# USB Disk corrupted and TestDisk problems

## jlpoole

I have a Seagate 1.5 TB attached to my SheevaPlug through USB.  I have /var and /usr mapped to the drive, the rest of the operating system is on the USB stick memory.  This set up been working like a champ for about six months.  Last night I found problems and I'm stuck.

Please help.

After witnessing the system being nonresponsive, I booted up my SheevaPlug using  TFTP and a busy box, then tried to mount the problem drive.  I couldn't mount it.  I have another twin drive which mounted fine.

I moved the problem drive over to another Gentoo box and ran TestDisk.  The first time, Test Disk gave me this:

```
TestDisk 6.8, Data Recovery Utility, August 2007

Christophe GRENIER <grenier@cgsecurity.org>

http://www.cgsecurity.org

Disk /dev/sdb - 1500 GB / 1397 GiB - CHS 182401 255 63

     Partition               Start        End    Size in sectors

<empty lines snipped>

Structure: Ok.

Keys A: add partition, L: load backup, Enter: to continue
```

I then continued (didn't try a deep read) and returned to the main menu -- I did not want to do anything that would cause a write to the disk. 

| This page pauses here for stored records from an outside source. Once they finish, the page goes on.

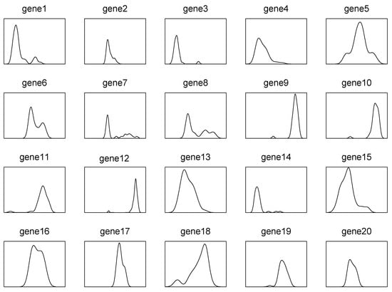 In this paper, we propose a new robust screening method for ultrahigh-dimensional grouped data. Our research was partly motivated by an empirical analysis of a leukemia dataset, consisting of 72 observations and 3571 genes, of which 47 were acute lymphocytic leukemia (ALL), and 25 were acute myelogenous leukemia (AML). Figure 1 plots the density function of the first 20 features selected from the 3571 genes of the 47 ALLs, from which it can be seen that all of them are far from being a regular distribution, most of them have sharp peaks and heavy tails (e.g., gene 9 and gene 12), and some of them are even multi-modal (e.g., gene 6 and gene 8), although these samples are from the same ALL group. This phenomenon challenges most of the existing methods. For example, the method in Pan et al. [18] might fail, if data are not normally distributed, and the method in Xie et al. [21] might lose efficiency when the distribution of a predictor is multi-modal. It is known that quantile-based statistics are not sensitive to outliers and heavy-tailed distributed data; thus, it was expected that the quantile-based screening method would be robust against heterogeneous data. Furthermore, compared to point estimation, quantile-based statistics can usually provide a more detailed picture of a predictor at different quantile levels. Motivated by the above discussion, we propose a quantile-composited screening approach, by aggregating the distributional information over many quantile levels. The basic idea of our method is straightforward. If has no contribution to predicting the category of an outcome variable, denoted by Y, at the -th quantile level, the conditional quantile function of given Y should be equal to the unconditional one, i.e, . Moreover, if and Y are independent, we have for all , where a.s. means ‘almost surely’. Thus, the equality plays a key role in measuring the independence between Y and . To quantify this kind of independence, we show that for a given is equivalent to the independence between the index variable and the label variable Y. Then, the equality between and is converted to testing the independence between two discrete variables, which can be easily checked by the Pearson chi-square test statistics. Finally, we aggregate all the discriminative information over the whole distribution in an efficient way, based on which, we establish the corresponding screening procedure. Our newly proposed screening method enjoys the following salient features. First of all, compared to the existing methods, it is robust against non-normal data, which are very common in high dimensions. Secondly, it is model-free, in the sense that we do not need to assume a specific statistical model, such as the linear or quadratic discriminant analysis model, between the predictor and the outcome variable. Thirdly, its ranking index has a very simple form, and the computational complexity is controlled at the sample size level, so that the proposed screening method can be implemented very quickly. In addition, as a by-product, our new method is invariant, in regard to the monotonic transformations of the data.
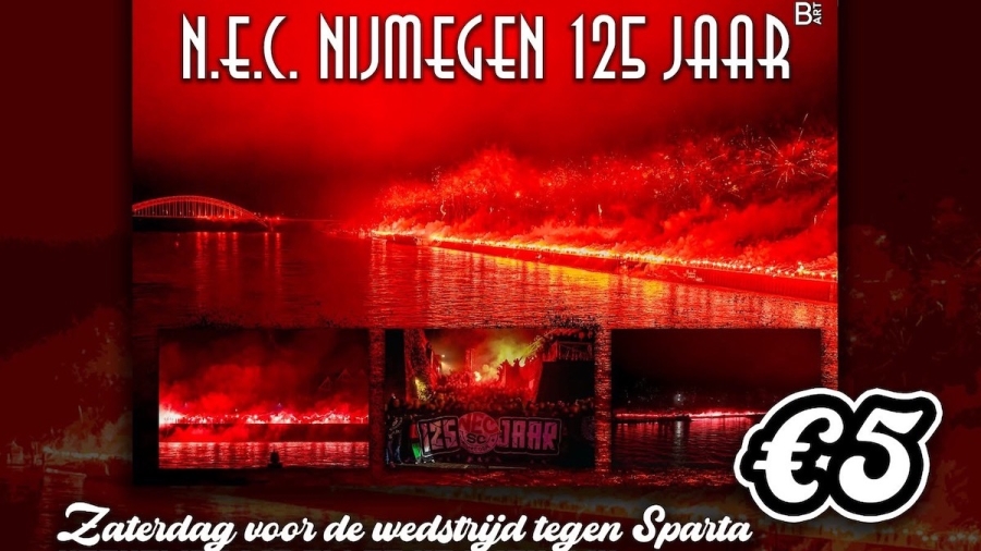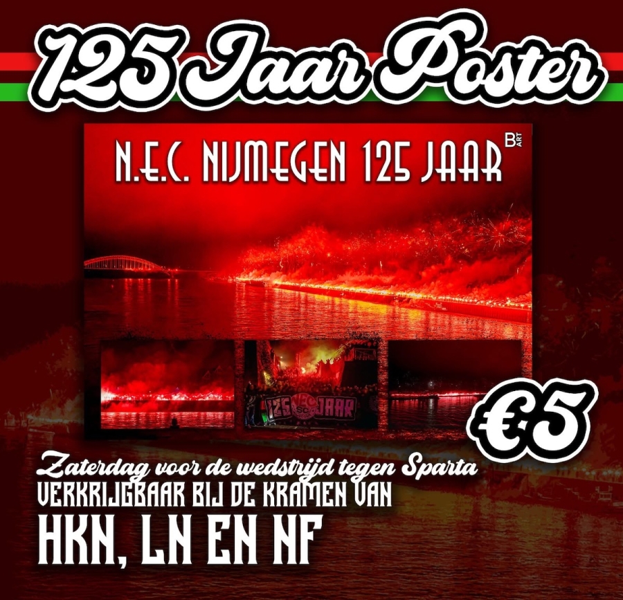 East Side & HKN, Legio Noviomagum en Nijmegen Fanatics hebben samen met de bekende 55-jarige stadsfotograaf Bart Kouwenberg deze prachtige poster gemaakt voor 125 jaar NEC. Bart: “Ik vind het fantastisch om samen met de verschillende supportersgroepen van onze club zo’n eenheid uit te stralen. En dat was ook exact wat er die nacht gebeurde!”
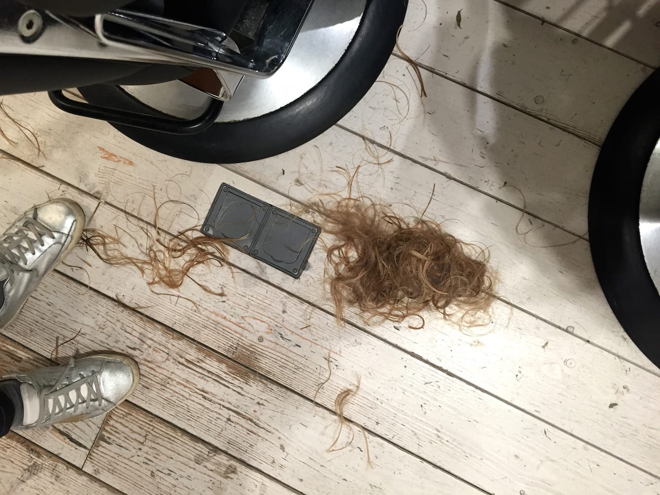 Los ging’s mit einem recht groben Schnitt – erst mal ordentlich was abschneiden. Im ersten Moment ist mein Herz kurz stehen geblieben, als ich die krass-kurzen Nackenhaaren gesehen habe, die mir da noch „übrig“ blieben. Aber Vertrauen ist alles. Bevor der Schnitt vollendet wurde, hat Andrea von Hand feine und breite Highlights in meine Längen und Spitzen gezogen – ganz frei und so wie es zu meinem Haar passt. Das sollte dann für einen natürlichen Ombré bzw. Balayage-Look sorgen.
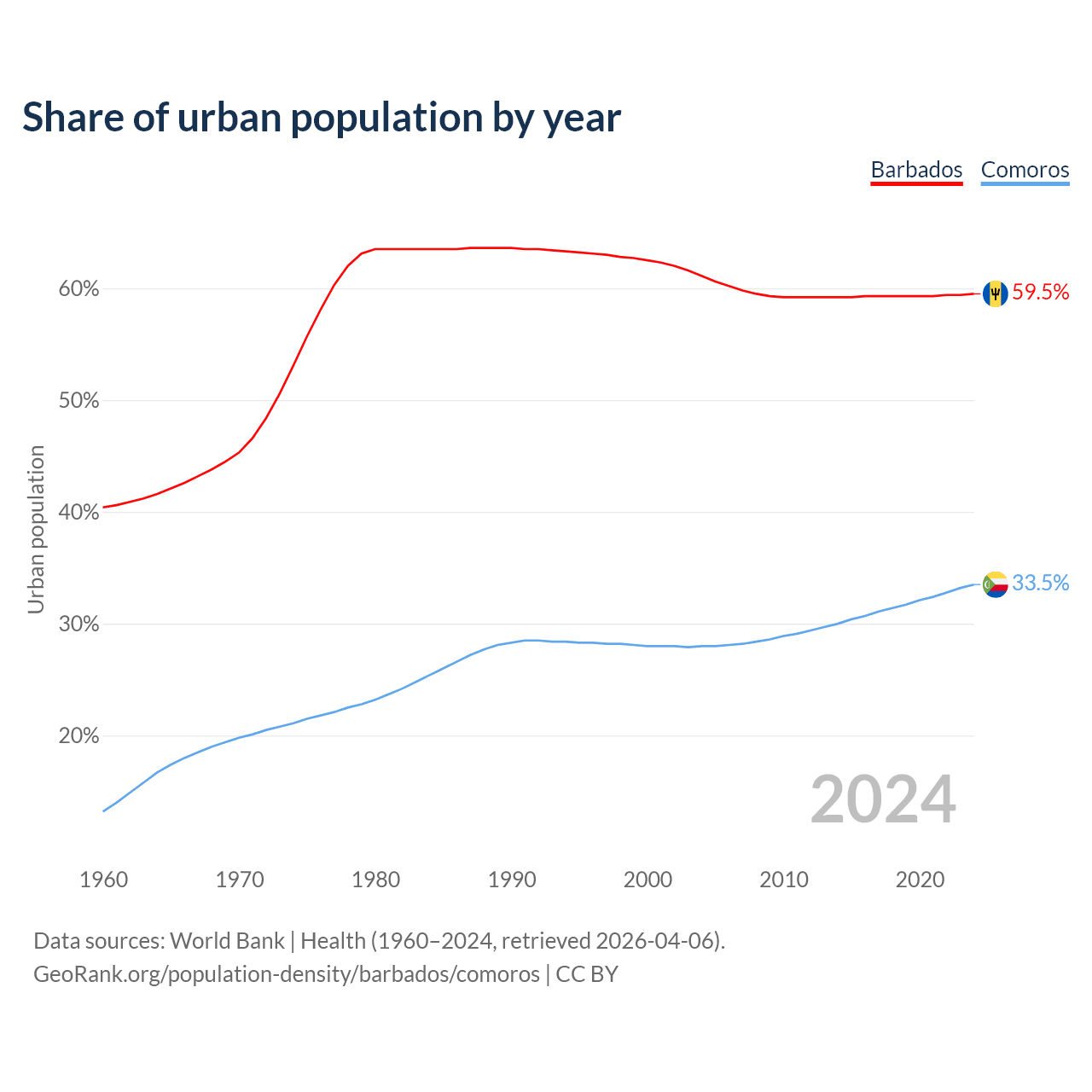 From 2004 to 2024, the share of urban population changed from 61.1% to 59.5% in Barbados and from 28% to 33.5% in Comoros.

I then tried to learn more at TestDisk at their site to see if the condition I had, namely no partition showing with a "Structure: Ok." status, was documented on what to do next.  Finding nothing matching my scenario, I then attempted another "Analyse" and it proceeded along, occasionally taking a second or two on a particular block (the Seagate drive is one of the Green drives that powers down when not in use, it seemed to be in an in-between mode: the light would slowly brighten and then fade).  On the second attempt, TestDisk stopped at the 49% mark; I tried control-C and is did nothing until finally the main TestDrive menu reappeared in the console.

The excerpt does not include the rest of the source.